Una delle più belle chiese barocche di Lecce ci richiama a Sant’Irene, la cui devozione in città aveva alle spalle una tradizione millenaria. Irene infatti morì nel IV secolo, e morì Martire per la fede, forse sotto Diocleziano. A Lecce si narrano molti suggestivi episodi sul conto di questa fanciulla, i cui veri contorni storici sono piuttosto vaghi e sfuggenti. Si dice, per esempio, che ella sarebbe stata la figlia di Licinio, il futuro Imperatore e socio del grande Costantino, insieme con il quale avrebbe poi sottoscritto l’editto di tolleranza religiosa per i cristiani. La fede perciò dell’integerrima fanciulla avrebbe avuto un peso storico non piccolo, contribuendo a ben disporre l’animo paterno nei confronti dei credenti nel Cristo. Ed è perciò significativo il fatto che la conversione del padre sia stata ottenuta soltanto con il martirio della figlia. Quanto alla probabilità che Sant’Irene, la Martire di Lecce, sia stata veramente figlia di un Imperatore, non abbiamo elementi né per confutarla né per dimostrarla. C’è però un particolare curioso, che fa pensare a qualcosa di più che una coincidenza.

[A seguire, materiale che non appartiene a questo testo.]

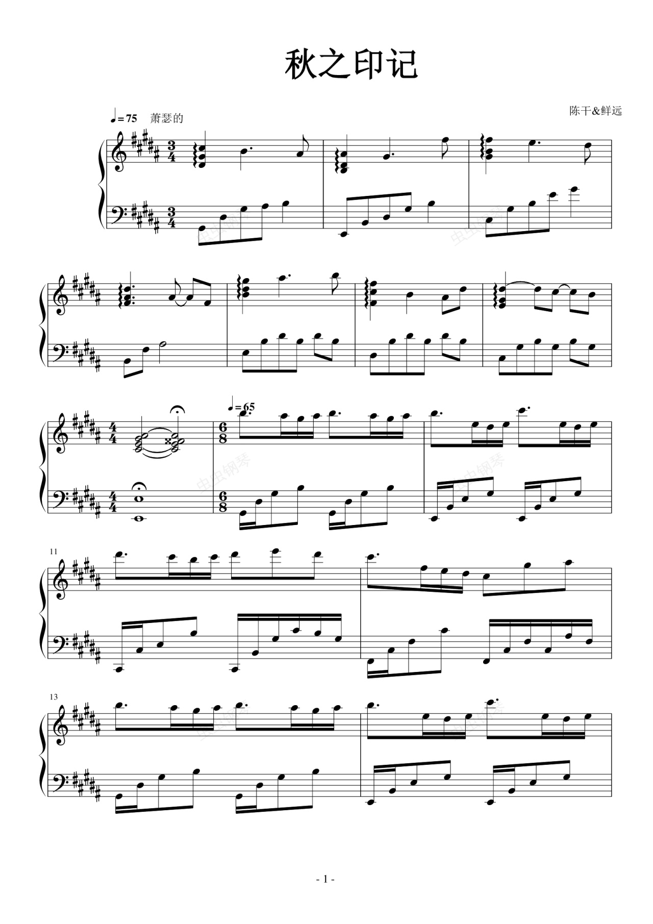 钢琴谱:秋之印记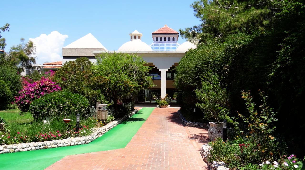 Der Hoteleingang mit wunderschönem Garten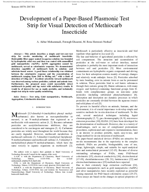 (PDF) Development of Colorimetric Paper Sensor for Pesticide Detection ...
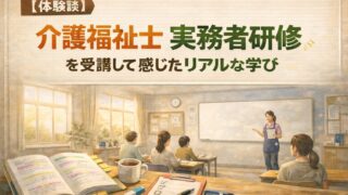 介護福祉士の実務者研修を受講した体験談。自宅学習や通学講習の流れ、介護過程Ⅲで事例をもとに学んだ内容、管理栄養士ルートでケアマネを目指す中で感じた学びや気づきを、修了後の視点からリアルにまとめました。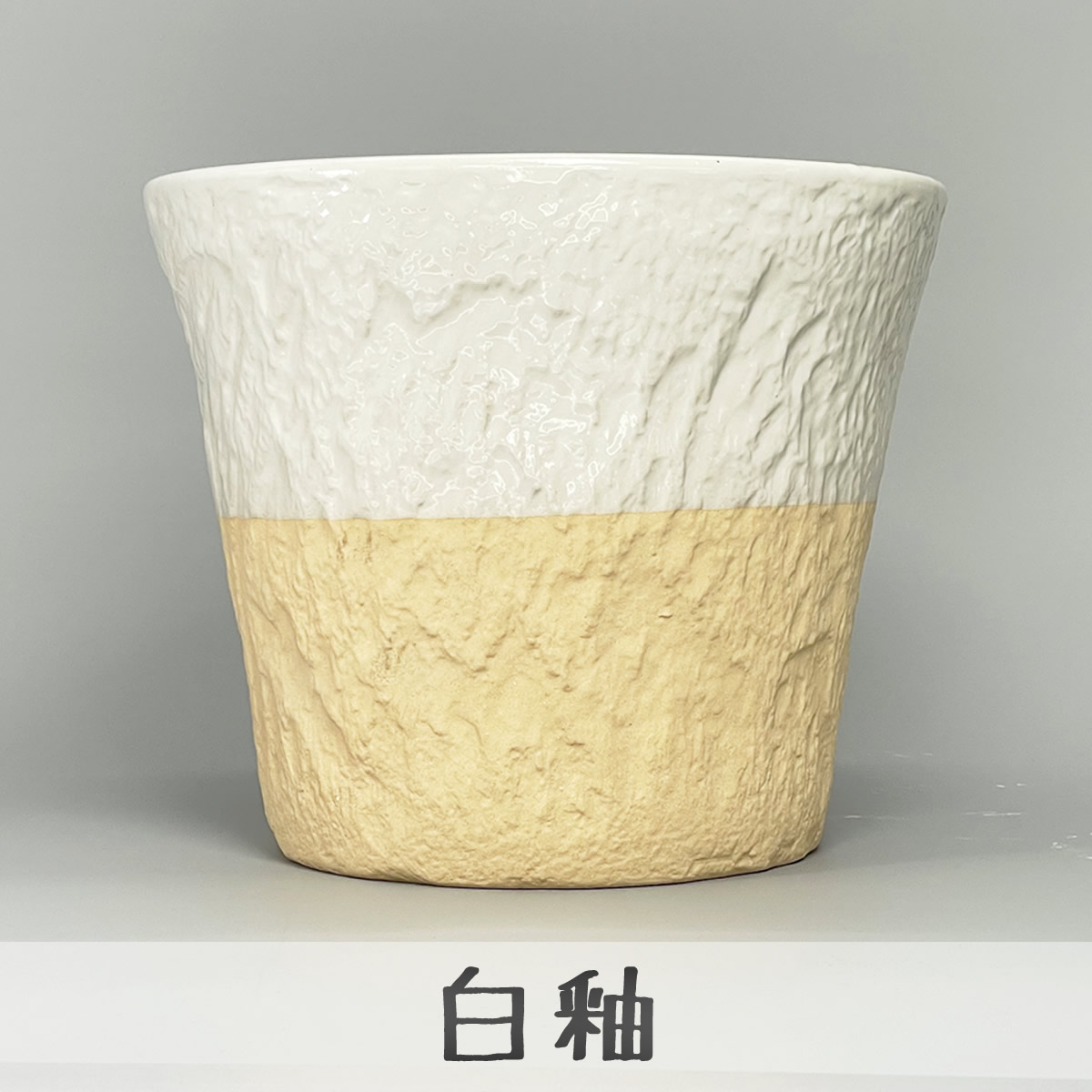 三河焼植木鉢 【ロックガーデン】 白釉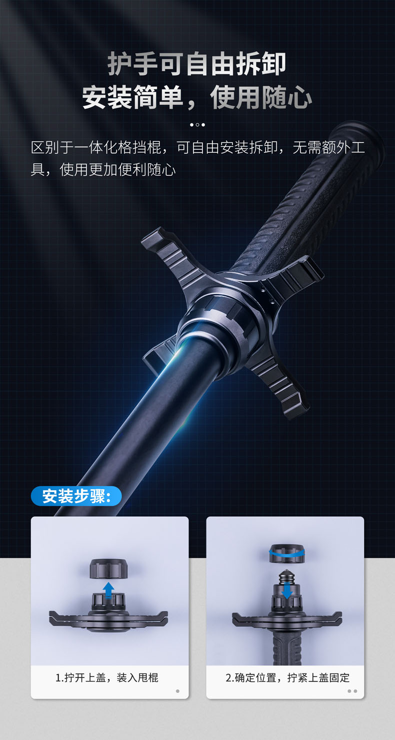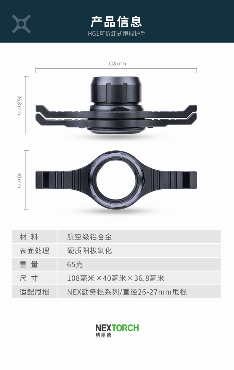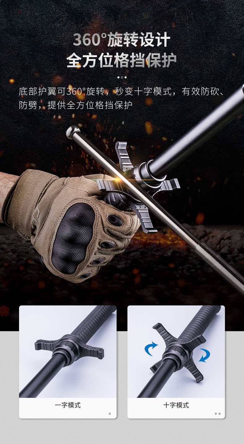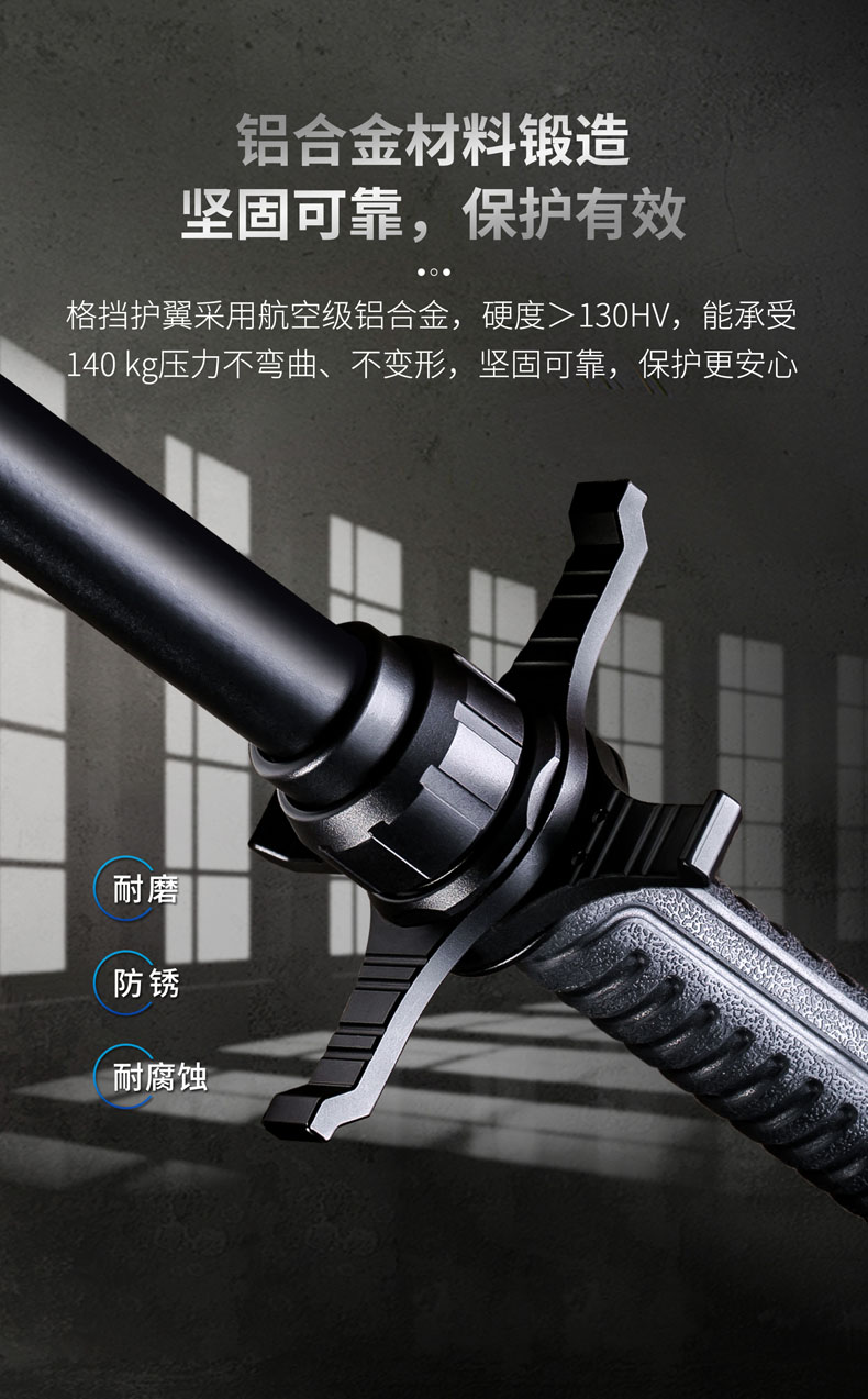 可拆卸式甩棍护手,挡刀、防砍、防脱,为拓展勤务棍用途而来;区别于一体化挡刀护手,HG1可自由安装拆卸,无需额外工具,使用便利;底部护翼360°旋转设计,轻轻一推秒变十字模式,有效防砍、防劈,提供全方位格挡保护;挡刀护翼采用铝合金锻造而成,硬度>130HV,能承受140 kg压力不弯曲、不变形,坚固可靠;适配NEX勤务棍全系列或直径26-27毫米的甩棍。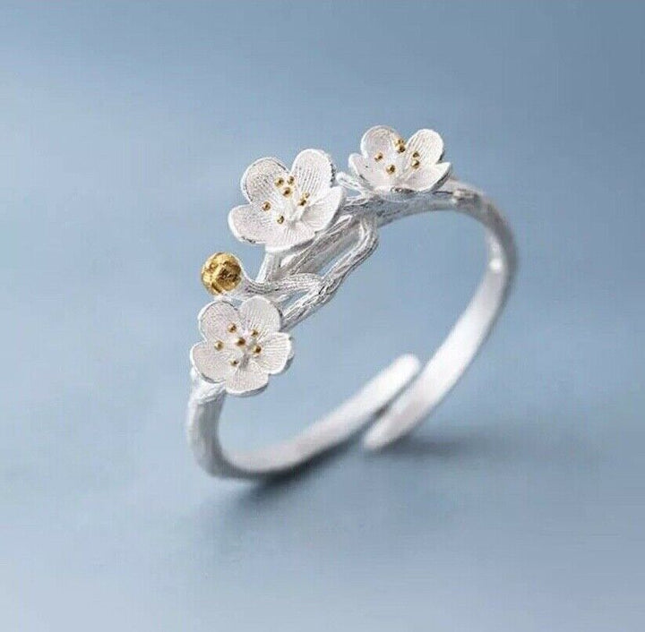 Blumen Ring Silber 925 Damen Mädchen Größenverstellbar 49-55

Anche i Copti, cioè i cristiani scismatici di certe regioni africane, l’Etiopia soprattutto, onorano una Santa Irene o Erina, e anch’essi la dicono figlia di un re, Licinio. L’origine della devozione per i santi presso i Copti è molto antica, ed è rimasta, per così dire, cristallizzata nei secoli. Si può pensare perciò che questa loro Sant’Irene e la Martire pugliese siano la stessa persona. Irene è un nome greco “cirene” che vuol dire “pace”. Quella pace che Sant’Irene, con il suo martirio, contribuì a riportare tra i cristiani, vittime delle persecuzioni, e che ancor oggi è l’augurio più bello e la preghiera più necessaria rivolta alla Patrona di Lecce nel giorno della sua festa.